近年、来場者の目的は情報収集がほとんどです。つまり、出展社側が思っているほど展示会への来場動機は強くないため、天候などの外的要因で来場が延期されがちです。単純に、集客が達成ペースに達していないからといってすぐに対策せず、外的要因を把握し来場者受付などを視察するなどして、展示会全体の来場状況と合わせて判断した方がいいでしょう。

ポイント2:13〜15時の集客ペースを重視する

先述しましたが、13〜15時の2時間で目標のおよそ半数近くが来場します。つまりこの時間帯の取りこぼしは、そのまま目標達成が遠ざかることを意味します。ローテーションを調整し対応できるスタッフ数を増やす、スタッフにこの2時間の集客に集中するように情報共有する、上手くいっていない施策を調整するなどして、この時間帯に確実に獲得できるようにできれば、目標達成に大きく近づけると思います。

いかがでしたでしょうか。あくまで解決策の1つですが、今後の展示会における集計の参考になると思います。展示会の期間中、運営担当者は心体ともに疲れきっています。
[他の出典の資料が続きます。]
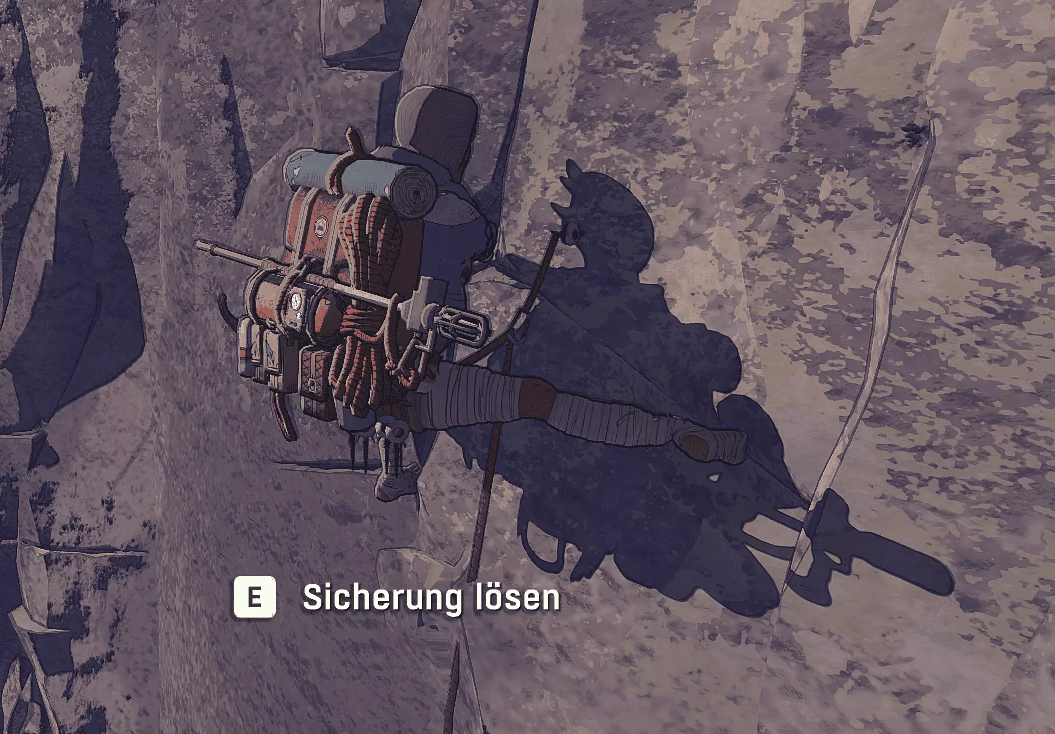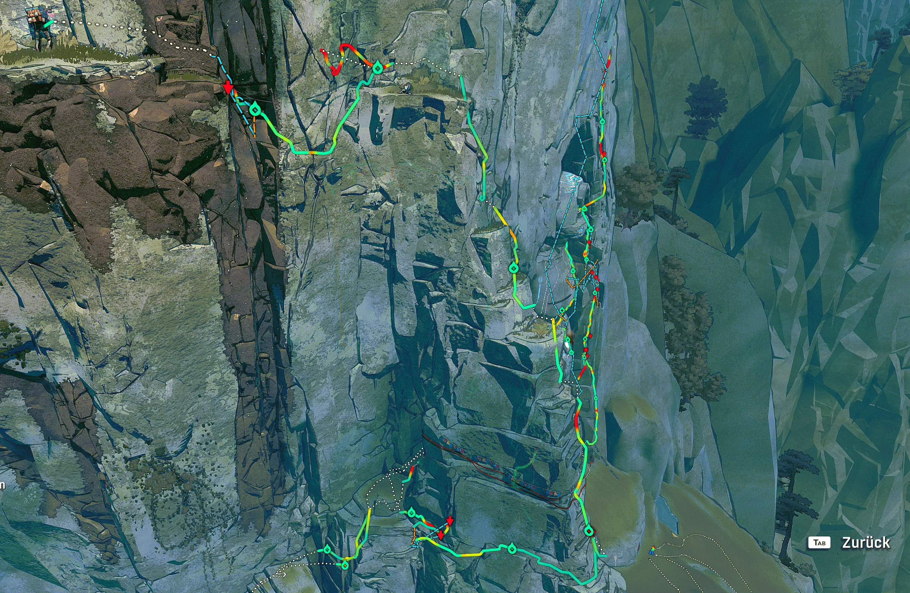 使用你的装备:除了水壶外,攀爬时你可以随时设置安全绳。如果坠落,安全绳能让你重新爬上去。解开安全绳时,你会被拉向挂钩,同时耐力会恢复。只有在这种状态下,攀爬时才能完全使用背包。到达顶部后,站在坚实地面上按Q,然后走向攀爬机器人,即可回收安全绳。此外,粉笔也不容忽视,它能让你接下来的12次抓握更稳固,同时对耐力的消耗也较小。绳索下降 当你站在悬崖顶端想要下去时,按【E】键选择“下降”选项,艾娃会在岩石上打入一个固定点,让你能安全到达地面。 正确使用安全绳 相信我,你肯定会掉下去的。掉下去后,你可以按【Shift】+【W/S】键重新向上攀爬,或者在需要时下降。按【空格】键可以适当向下跳跃。如果绳子在一个开阔的突出处,你还可以摆动绳子来抓取挂在墙上的物品。

そこで目標が達成できるペースであれば運営担当者のモチベーションも上がり、さらに成果を目指すことにもつながります。

集客ペースを掴めない方、初めて展示会を運営される方は、一度実践してみてください。1回目の実践が、より精度の高い集客予測につながっていきます。

※記載されている内容は掲載当時のものであり、一部現状とは内容が異なる場合があります。ご了承ください。